Two ideal electric dipoles $$A$$ and $$B$$, having their dipole moment $$p_1$$ and $$p_2$$ respectively are placed on a plane with their centres at $$O$$ as shown in the figure. At point $$C$$ on the axis of dipole $$A$$, the resultant electric field is making an angle of 37° with the axis. The ratio of the dipole moment of $$A$$ and $$B$$, $$\frac{p_1}{p_2}$$ is: (take sin 37° = $$\frac{3}{5}$$)

We need to find the ratio of the dipole moments of two ideal electric dipoles, $$\frac{p_1}{p_2}$$, based on the direction of the net electric field at point $$C$$.

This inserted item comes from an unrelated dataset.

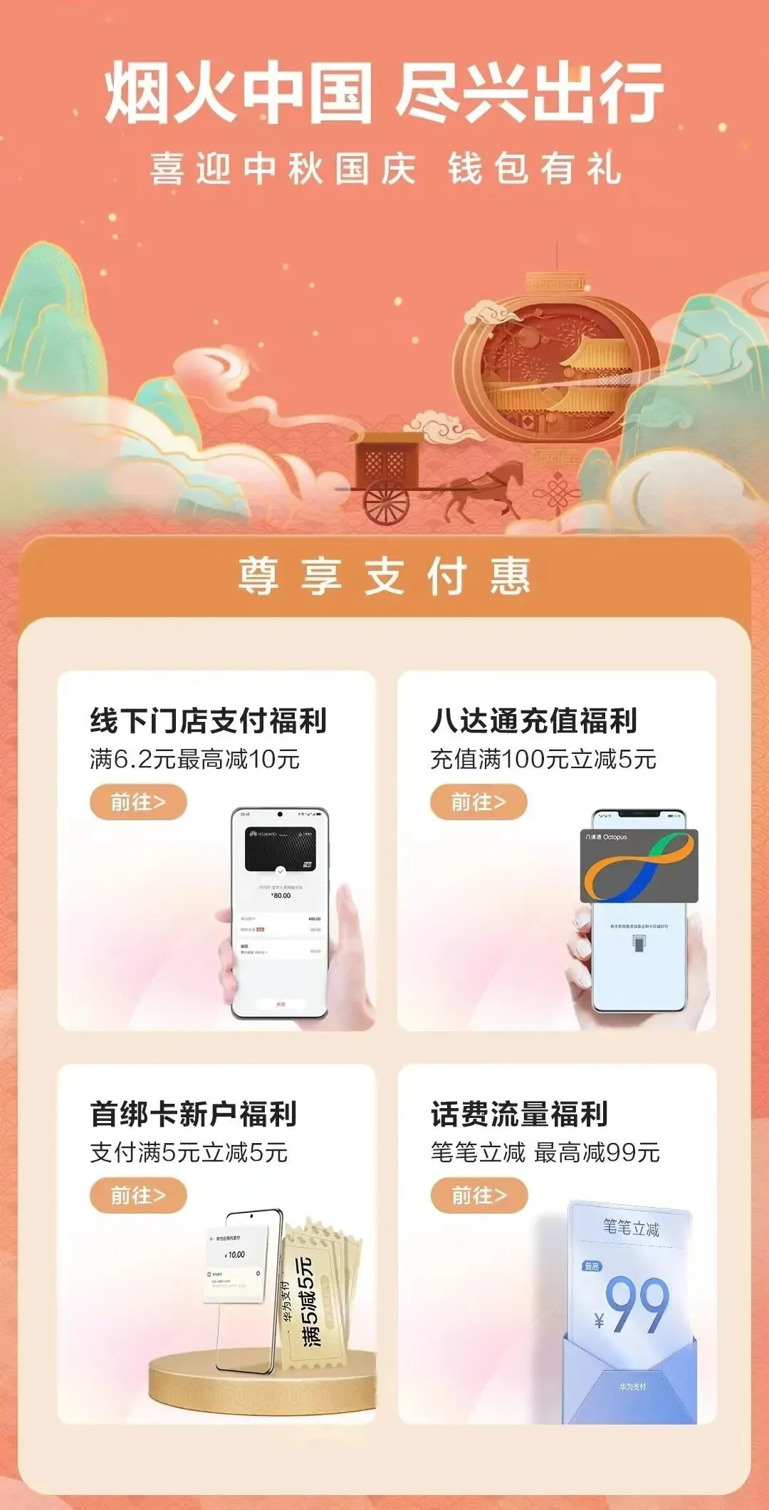 吃好的同时,省钱也不能落下!买单前唤醒小艺说“钱包包优惠”,手机界面自动打开一个福利集合页,里面汇集了各种支付优惠券和满减活动,华为用户双击电源键支付满6.2元就有随机立减优惠,zui高有机会减10元,又省一顿奶茶钱!

1. Analyze the Orientation and Fields at Point $$C$$

From the diagram :

• Dipole $$A$$ (with moment $$p_1$$):
  Point $$C$$ lies along the axial line of dipole $$A$$. The electric field ($$E_1$$) produced by an axial dipole points along its axis:

  $$E_1 = \frac{1}{4\pi\varepsilon_0} \frac{2p_1}{r^3}$$

• Dipole $$B$$ (with moment $$p_2$$):
  Point $$C$$ lies along the equatorial line of dipole $$B$$. The electric field ($$E_2$$) produced by an equatorial dipole is perpendicular to the axial line and points opposite to the direction of the dipole moment:

  $$E_2 = \frac{1}{4\pi\varepsilon_0} \frac{p_2}{r^3}$$

2. Relate the Fields to the Angle of the Resultant Vector

The problem states that the net resultant electric field at point $$C$$ makes an angle of $$37^\circ$$ with the axis of dipole $$A$$. Using vector components:

$$\tan(37^\circ) = \frac{E_2}{E_1}$$

Given that $$\sin(37^\circ) = \frac{3}{5}$$, we know from a standard $$3-4-5$$ right triangle that:

$$\tan(37^\circ) = \frac{3}{4}$$

3. Calculate the Ratio $$\frac{p_1}{p_2}$$

Substitute the expressions for $$E_1$$ and $$E_2$$ into the tangent relationship:

$$\frac{3}{4} = \frac{\frac{1}{4\pi\varepsilon_0} \frac{p_2}{r^3}}{\frac{1}{4\pi\varepsilon_0} \frac{2p_1}{r^3}}$$

Cancel out the common constant factors ($$4\pi\varepsilon_0$$ and $$r^3$$):

$$\frac{3}{4} = \frac{p_2}{2p_1}$$

Cross-multiply to isolate the desired ratio:

$$\frac{p_1}{p_2} = \frac{4}{2 \times 3} = \frac{4}{6} = \frac{2}{3}$$

Conclusion

The ratio of the dipole moments $$\frac{p_1}{p_2}$$ is $$\frac{2}{3}$$, which corresponds exactly to Option C.